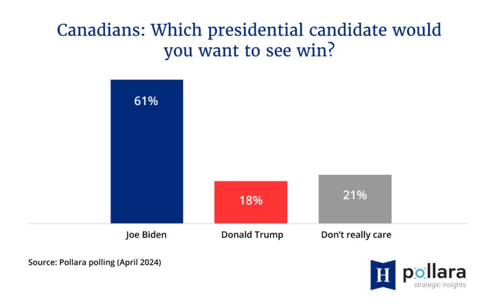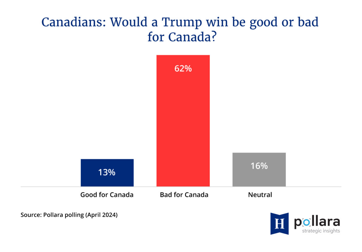 April 5, 2024 – In the lead-up to the November 2024 U.S. presidential election, Pollara Strategic Insights is regularly polling Canadians about their views and feelings about the race. We’ll be sharing some select findings from these surveys on our website as well as exclusive commentary at The Hub.
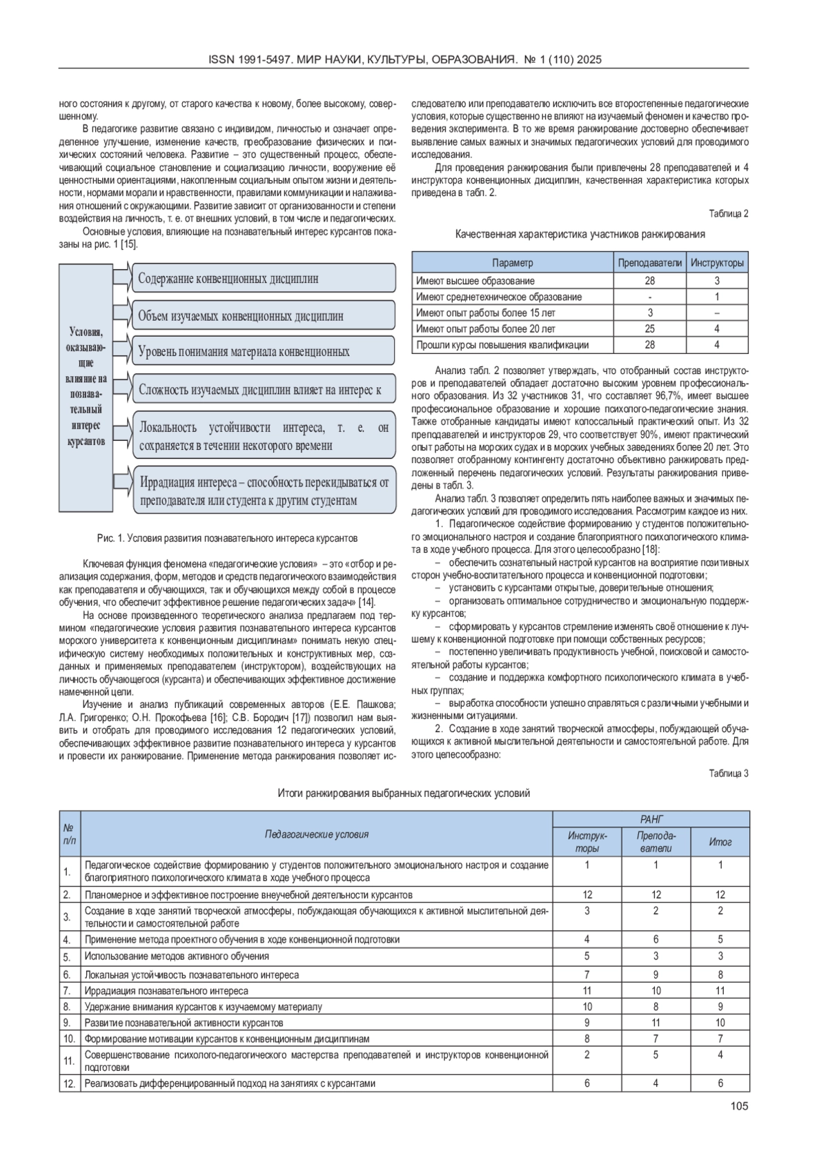 В статье рассматриваются педагогические условия развития познавательного интереса курсантов морского университета к конвенционным дисциплинам. Формирование будущего специалиста морского транспорта в процессе обучения в морской образовательной организации как настоящего компетентного профессионала требует привить и развить у него в процессе обучения познавательный интерес к конвенционной подготовке, стремление к поиску и получению новых знаний. Цель исследования: обоснование и раскрытие совокупности педагогических условий, способствующих развитию познавательного интереса курсантов к конвенционным дисциплинам. Применены следующие методы: теоретические (изучение научных публикаций российских ученых; теоретический анализ; синтез; обобщение; ранжирование) и эмпирические (опрос; индивидуальные беседы). Результат исследования - совокупность педагогических условий развития познавательного интереса курсантов морского университета к конвенционным дисциплинам. Полученные результаты обладают научной новизной, теоретической и практической значимостью. Разработанные научные положения направлены на повышение качества и результативность профессиональной подготовки курсантов и представляют интерес для преподавательского и инструкторского составов всех видов учебных заведений.
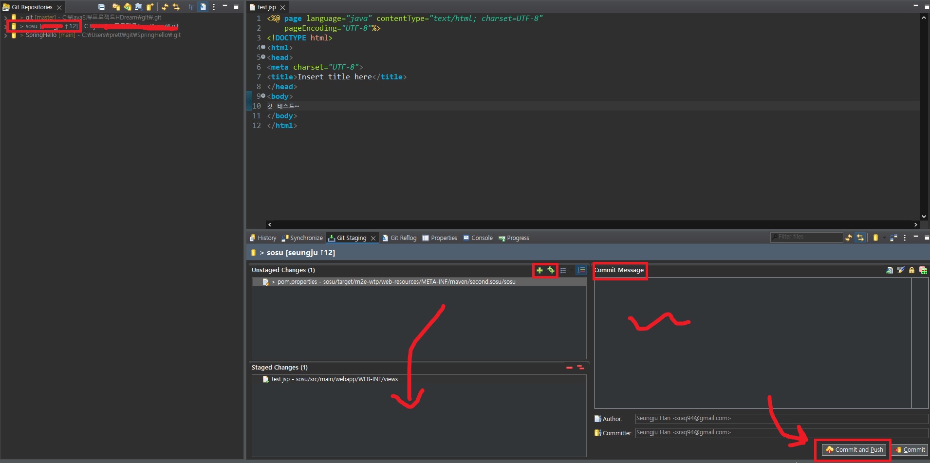 git staging 탭에서 변경한 파일 staged changes 창으로 이동
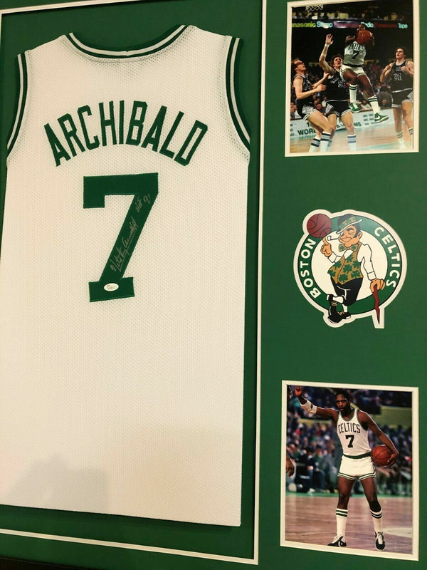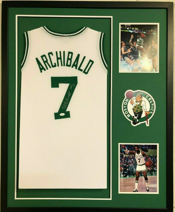 Nate Archibald Signed Boston Celtics 34x42 Framed Jersey (JSA COA) 1981 Champs
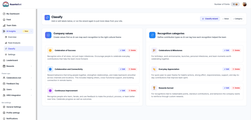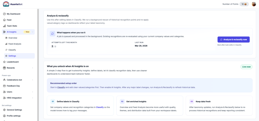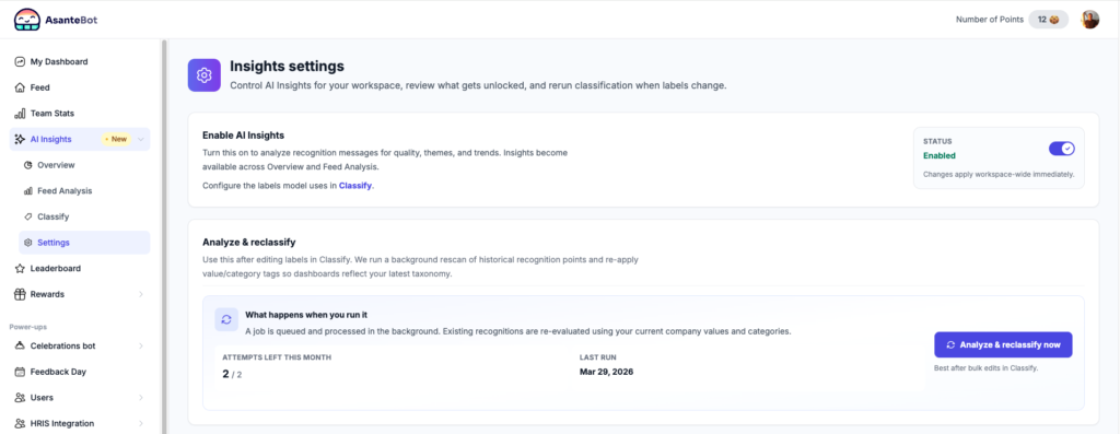 AI Insights is a built-in analytics layer inside AsanteBot that automatically classifies every recognition message in your Slack workspace against two things:
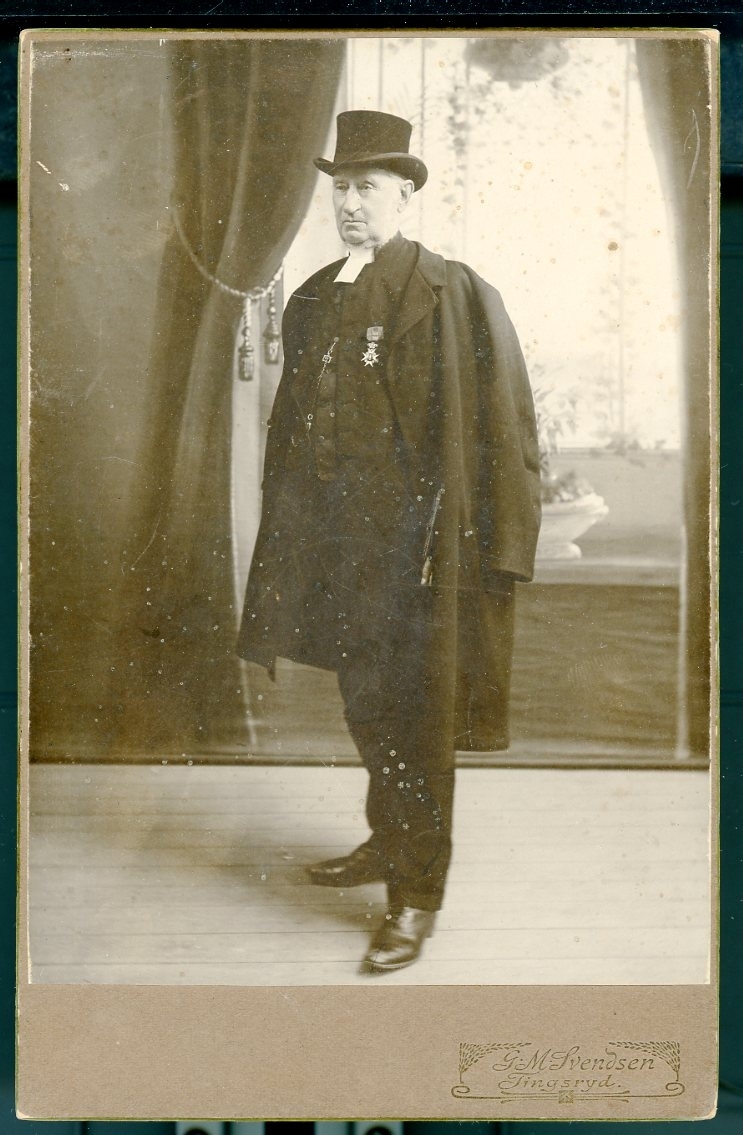 Kabinettsfotografi: Prosten Carl Gustaf Mozart i helfigur med medalj på bröstet, hög hatt och rocken över axlarna.
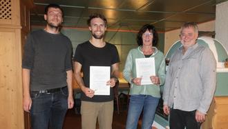 Die beiden Vorsitzenden Alexander Warnke und Rainer Hitzler überreichten die Ehrung für 50 Jahre Mitgliedschaft an Anni Mayr, Hermann Strauss und Eduard Knak;
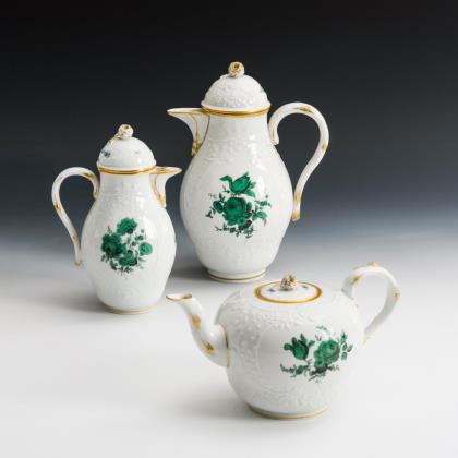 Teekanne, Zuckerdose und Gedeck mit kupfergrüner Blumenmalerei
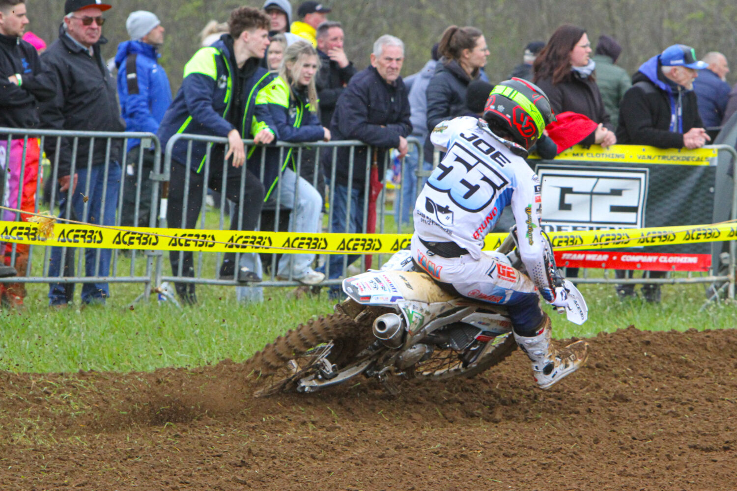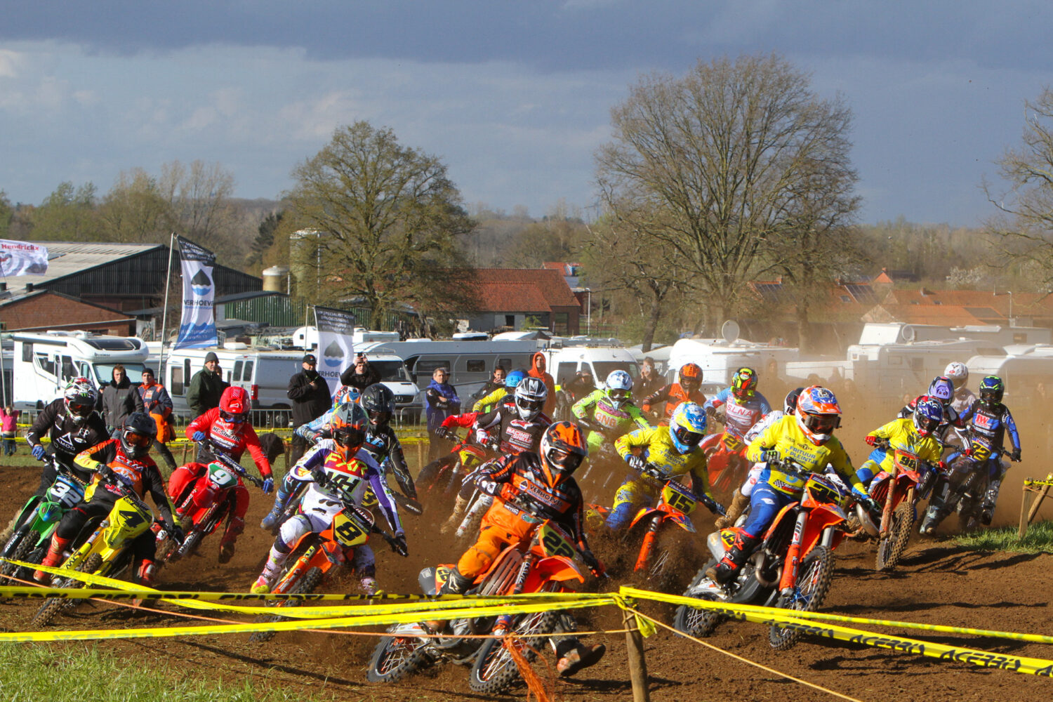 Brent Aerden nam in de openingsreeks meteen de leiding voor broer Enzo, Jamie Haanen, Tyla Van De Poel en Nolan Cordens. Maar al in de tweede ronde liep het mis: Aerden bleef met zijn voorwiel steken in een modderig spoor en werd letterlijk van zijn motor gecatapulteerd. Hij belandde tien meter verderop naast het circuit en bleef versuft liggen.

***

§ Instructions for the task:
Transcribe, exactly and without pictures, everything in the data from the line with "Nate Archibald Signed" down to the line with "AI Insights is", both included.

§ Solution for this exercise:
 Nate Archibald Signed Boston Celtics 34x42 Framed Jersey (JSA COA) 1981 Champs
 AI Insights is a built-in analytics layer inside AsanteBot that automatically classifies every recognition message in your Slack workspace against two things:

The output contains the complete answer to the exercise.